Ollama on Windows

Ollama setup for local summarization on Windows

Overview

Ollama runs open-weight language models on your PC without sending prompts to a cloud API. If you want local summarization—turning transcripts into structured notes on your machine—Ollama is the most straightforward starting point on Windows.

This guide covers installation, pulling a first model, and verifying that inference works. It does not cover Nucleate installation; see Nucleate installation when you are ready to connect the two.

Prerequisites

Windows 10 or 11 (64-bit)
16 GB RAM recommended for 7–8B parameter models; more helps if you run transcription and summarization at the same time
NVIDIA GPU with 8 GB+ VRAM (optional but strongly recommended for reasonable speed). CPU-only inference works but is slow for long summaries
Disk space: plan for 5–10 GB per model you keep installed

For a full hardware picture when using Nucleate, see the compatibility cheat sheet.

Install Ollama

Download the Windows installer from ollama.com/download.
Run the installer and accept the defaults. Ollama installs a background service and adds the ollama CLI to your PATH.
After install, Ollama usually starts automatically. Confirm the tray icon is present, or open Ollama from the Start menu.

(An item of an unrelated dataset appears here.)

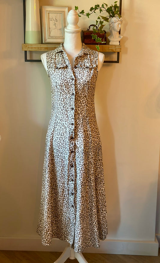 Robe longue portefeuille blanc kaki à motifs fleuris T.36

Pull a summarization model

Nucleate defaults to Mistral 7B on mid-range hardware and Qwen3 8B when VRAM allows. Either is a sensible first pull for general summarization:

ollama pull mistral

For higher-end GPUs:

ollama pull qwen3:8b

The first pull downloads several gigabytes. Subsequent models reuse shared layers when possible.

Verify local inference

Run a short prompt to confirm the model loads and responds:

ollama run mistral "Summarize in three bullets: local LLMs keep data on your machine."

You should see a streamed reply in the terminal. If the model loads and completes, Ollama is working.

To list installed models:

ollama list

Keep Ollama running

Many tools—including Nucleate—expect Ollama to be available in the background. The Windows installer configures Ollama to start with the system. If summarization fails with a connection error, check that the Ollama tray app is running and restart it from the Start menu.

ℹ️

Ollama stays running after you close other apps. That is normal; it keeps model load times down for the next request.

Troubleshooting

ollama is not recognized
Close and reopen your terminal after install, or log out and back in so PATH updates apply.

Very slow responses on CPU only
You are likely on integrated graphics or an unsupported GPU. Use a smaller model (mistral rather than larger Qwen variants) or expect long runtimes on long transcripts. See hardware prerequisites for Nucleate-specific GPU notes.

Out of memory / model fails to load
Try a smaller quant or Mistral 7B instead of larger models. Close other GPU-heavy apps before loading.

Firewall or corporate policy blocks download
Pull models on an unrestricted network first, or install manually following Ollama’s documentation.

Using this with Nucleate

Nucleate uses Ollama for local daily, weekly, and monthly summarization. On first launch it can auto-install Ollama if missing, but installing ahead of time avoids surprises during setup.

After Ollama is running:

Install Nucleate and complete first-time setup.
In AI Engine / AI Model Settings, confirm the summarizer points at your preferred Ollama model.
See Software prerequisites for in-app model customization and status indicators.

Nucleate will start Ollama if it is not already running and will rebuild model bindings when you change user modes.